You're right, TTL will not work with that setup. That's OK... UW, manual is better. Most of your shooting will be at 1/60-->1/200 and F5.6 --> F11. I like to set my f-stop for the DoF I want and then vary strobe power to control exposure of the foreground and shutter speed for the background as subject motion permits. Lighting underwater is vastly different than topside. Strobes are only good to a few feet -- even powerful ones, and depth eliminates warmer colors. By about 100' its all blue so if you want white light, all you got is what you brought -- your strobes. I suggest a lot of reading in this area. The book "Underwater Photographer" by Martin Edge is an invaluable resource. He does an excellent job of covering lighting and many other techniques.
The YS-D1 is IMHO, the best strobe out there right now for any reasonable price. Seacam strobes are better, but they're also $2500 a piece. Get the pair because eventually you will want/need them. Learn how to shoot with one first, however. Like in the studio, you should know how each light affects the image before you add more. See above comment about UW lighting being vastly different. When I started, I thought that I knew what I was doing since I regularly use 2, 3, and even 4 strobe setups in the studio mixed with window light, etc... After my first few UW photo dives, I realized I was learning light all over again.
I don't (seriously) shoot video, so I can't help much there. Unless you plan on diving very shallow, you will need video lighting as well for the same reason mentioned above. Video below 30-ish feet takes on a blue cast that's hard to impossible to correct with white balance -- the warmer colors just aren't there, so even if you tone down the blue cast, other colors will look gray/muted.

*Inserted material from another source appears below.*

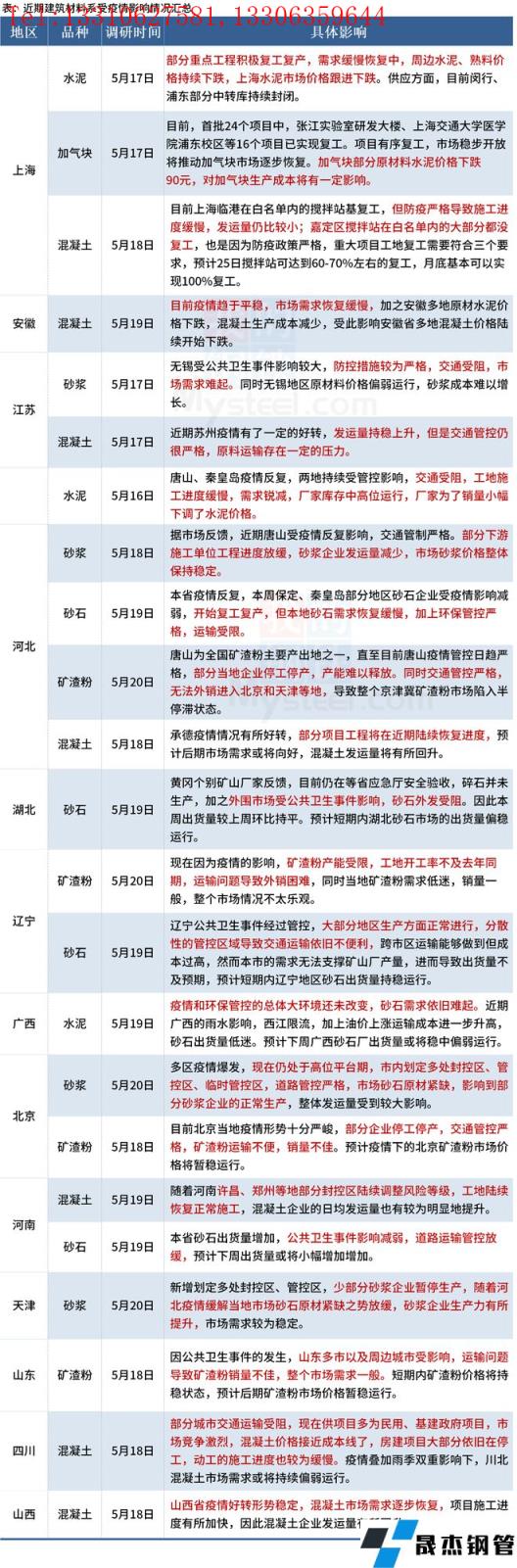 截至5月20日,據(jù)百年建筑網(wǎng)調(diào)研,13個(gè)省份建材市場(chǎng)受到了不同程度的影響。隨著華東、華南疫情和暴雨情況的緩解,物流運(yùn)輸逐步恢復(fù)正常,材料進(jìn)場(chǎng)速度加快,下游工地施工節(jié)奏提升。在疫情有效管控下,基建、房建方面的需求陸續(xù)回升,但由于疫情反復(fù)抬頭的影響,仍有上行空間有限。具體情況如下: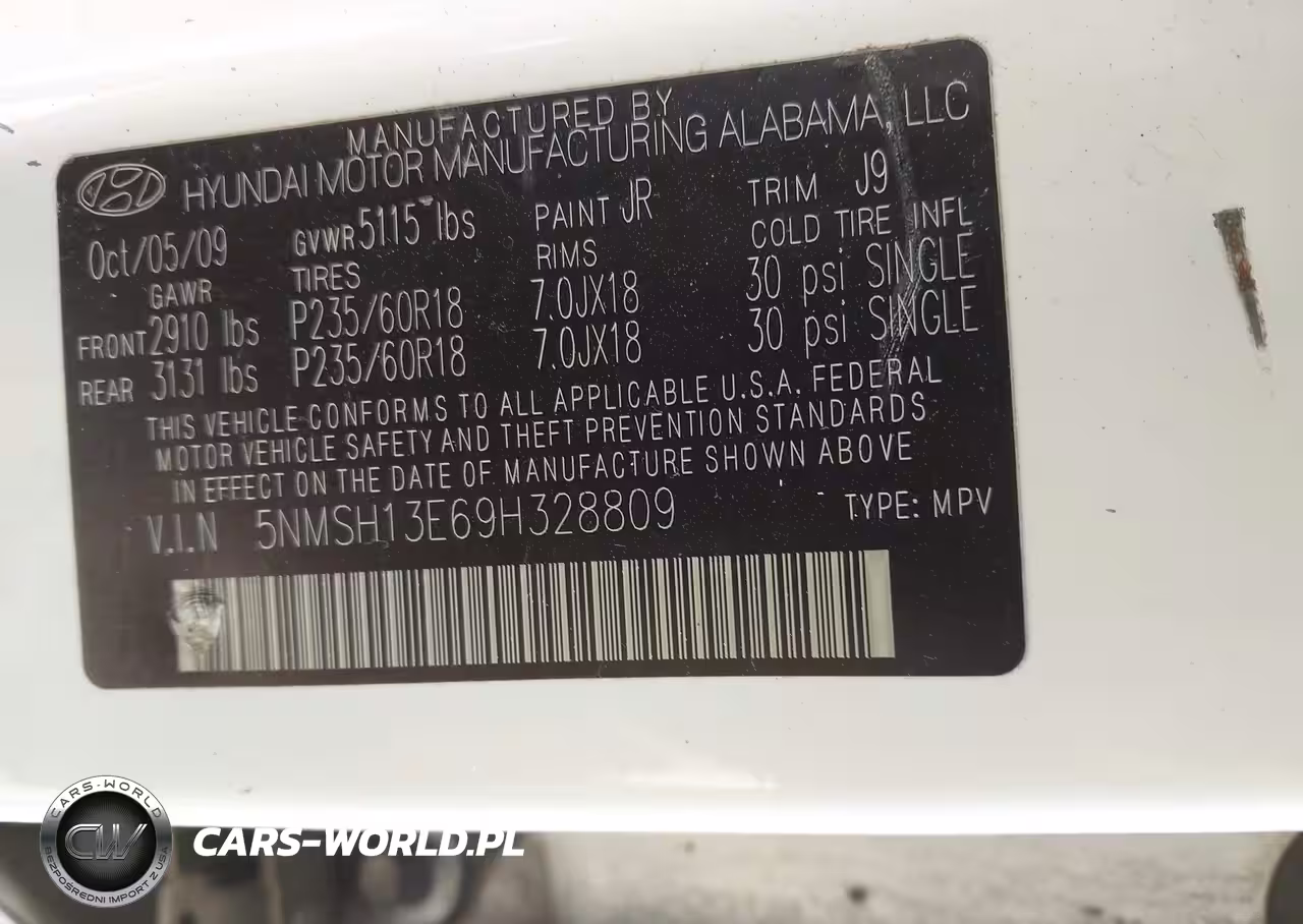 IAAI Nr: I-44750924 VIN: 5NMSH13E69H328809 Port: Indianapolis, IN

IMHO, Ultralight Control Systems (ULCS) makes the best arms, clamps, balls, etc.... I suggest an 8" plus a 5" arm section plus clamps for each side/strobe. This will give you all the articulation you will need and allow you to place them far enough away from the lens axis to control backscatter.
Lens-wise, you may want to consider a 100mm macro and flat port. There are a lot of macro and small subjects that you will miss with the lens you have. Also a zoom like the 16-35 or 17-40 will be more versatile than your 15 prime. The 15 will be good for video, close focus wide angle work, and larger animals such as turtles, sharks, sea lions, etc.... I've never been too fond of the fisheye look (underwater or above), but that's purely personal taste. I also shoot a 5D2 and my UW lenses are the 16-35 2.8L II, 24-105 F4L (mostly used in the 24-70ish range), and 100 2.8 Macro. The zooms go behind a dome and the macro behind a flat port.